▸ Source material:

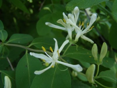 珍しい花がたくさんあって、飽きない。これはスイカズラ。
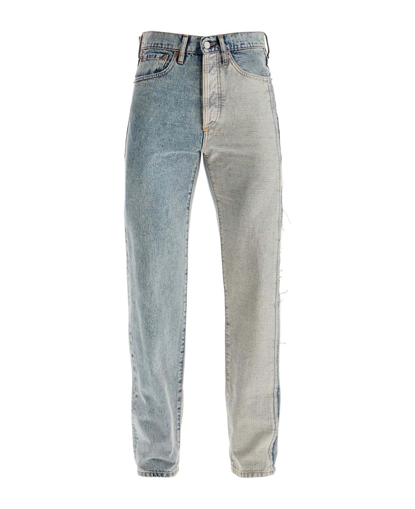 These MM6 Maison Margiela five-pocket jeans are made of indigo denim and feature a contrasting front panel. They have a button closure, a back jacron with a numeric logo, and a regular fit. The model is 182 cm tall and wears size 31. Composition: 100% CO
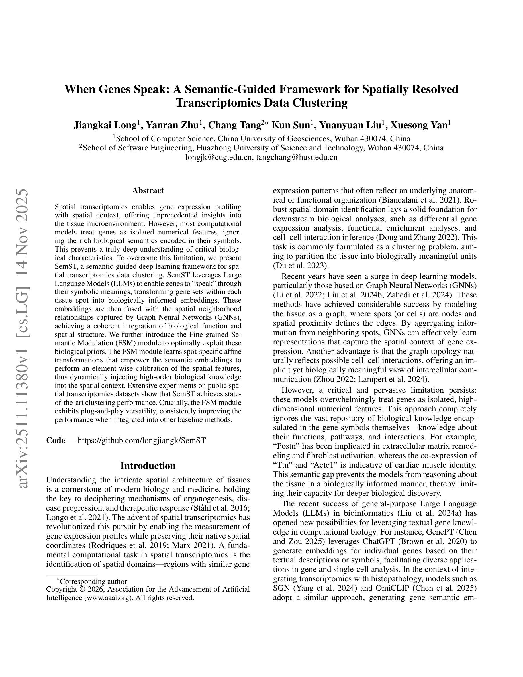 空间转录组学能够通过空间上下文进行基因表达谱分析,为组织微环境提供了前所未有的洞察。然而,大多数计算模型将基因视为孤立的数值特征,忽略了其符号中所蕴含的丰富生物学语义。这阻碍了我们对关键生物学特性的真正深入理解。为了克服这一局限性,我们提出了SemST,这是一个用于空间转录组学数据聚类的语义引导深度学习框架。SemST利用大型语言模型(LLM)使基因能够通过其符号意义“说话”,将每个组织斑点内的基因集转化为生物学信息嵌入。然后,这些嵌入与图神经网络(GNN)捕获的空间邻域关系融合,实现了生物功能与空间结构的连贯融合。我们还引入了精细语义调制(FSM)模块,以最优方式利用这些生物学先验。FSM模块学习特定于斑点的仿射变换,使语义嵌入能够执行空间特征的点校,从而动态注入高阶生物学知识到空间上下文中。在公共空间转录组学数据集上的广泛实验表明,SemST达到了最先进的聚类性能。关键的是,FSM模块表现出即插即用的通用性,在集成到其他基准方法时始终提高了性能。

▸ Required work: From the material above, copy everything exactly but the pictures.

▸ Result of this exercise:
 珍しい花がたくさんあって、飽きない。これはスイカズラ。
 These MM6 Maison Margiela five-pocket jeans are made of indigo denim and feature a contrasting front panel. They have a button closure, a back jacron with a numeric logo, and a regular fit. The model is 182 cm tall and wears size 31. Composition: 100% CO
 空间转录组学能够通过空间上下文进行基因表达谱分析,为组织微环境提供了前所未有的洞察。然而,大多数计算模型将基因视为孤立的数值特征,忽略了其符号中所蕴含的丰富生物学语义。这阻碍了我们对关键生物学特性的真正深入理解。为了克服这一局限性,我们提出了SemST,这是一个用于空间转录组学数据聚类的语义引导深度学习框架。SemST利用大型语言模型(LLM)使基因能够通过其符号意义“说话”,将每个组织斑点内的基因集转化为生物学信息嵌入。然后,这些嵌入与图神经网络(GNN)捕获的空间邻域关系融合,实现了生物功能与空间结构的连贯融合。我们还引入了精细语义调制(FSM)模块,以最优方式利用这些生物学先验。FSM模块学习特定于斑点的仿射变换,使语义嵌入能够执行空间特征的点校,从而动态注入高阶生物学知识到空间上下文中。在公共空间转录组学数据集上的广泛实验表明,SemST达到了最先进的聚类性能。关键的是,FSM模块表现出即插即用的通用性,在集成到其他基准方法时始终提高了性能。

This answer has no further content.